In ‘To Autumn’ lieten de drie horen dat nostalgie niet tranerig moet zijn en in het onweerstaanbare ‘Queskia?’ (titeltrack van hun eerder dit jaar verschenen cd) verstond Florizoone de kunst om op klokkenspel, in een zelfgeschreven stuk, enkele markante fouten te spelen. Hij kwam er echter mee weg. En terecht, de muziek van Tricycle kon dan misschien niet de luisteraar naar het spreekwoordelijke puntje van de stoel drijven en de solo’s mochten dan aan de vertrouwde kant blijven (hoewel Florizoone zelf hier en daar aardig ging trekken aan de harmonische onderbouw), de lyrische kwaliteiten van de muziek en de finesse waarmee die gespeeld werd, maakte veel goed.

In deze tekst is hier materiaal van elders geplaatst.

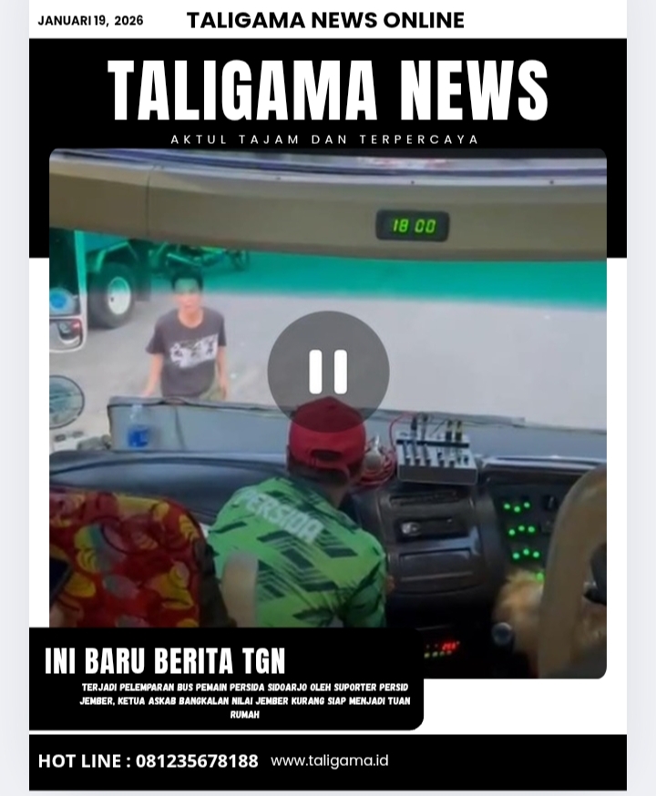 BANGKALAN, TALIGAMA.ID_ Bus milik persida sidoarjo dikabarkan mendajadi korban pelemparan batu paska laga melawan tuan rumah persid jember. Senin 19/01/2026

Als het Free Tallinn Trio en Tricyle muzikaal ver uit elkaar lagen, dan waren beide bands ook mijlenver verwijderd van wat het Giovanni Falzone Electric Quartet als afsluiter van Stranger Than Paranoia kwam doen. Van een andere band van de Italiaanse trompettist verscheen recentelijk de cd ‘Around Ornette’, maar aangezien het optreden in Tilburg al ver op voorhand geboekt was, trad de trompettist aan met zijn elektrische kwartet en het programma van ‘Around Jimi’ uit 2010. Op deze opname probeert Falzone zich in te beelden hoe een ontmoeting tussen gitarist Jimi Hendrix en trompettist Miles Davis – een treffen dat nooit heeft plaats gevonden – geklonken zou hebben.

De bezetting was duidelijk gemodelleerd naar het doel: elektrische gitaar, basgitaar, drums en trompet. Van een echte muzikale symbiose was echter geen sprake. Inderdaad, er waren de bluesy licks en de distortion van de gitaar en de basgitaar speelde lenig en kon zich vrij en soms psychedelisch bewegen, maar de inbreng van Falzone werd al snel stereotiep. Het gebruik van een harmoniser om de trompetlijnen meerstemmig te verdubbelen en het zingen of ritmisch spreken in de trompetmicrofoon werden steeds in dezelfde opbouw gebruikt, waardoor er een mal ontstond waaruit de stukken tevoorschijn getoverd werden.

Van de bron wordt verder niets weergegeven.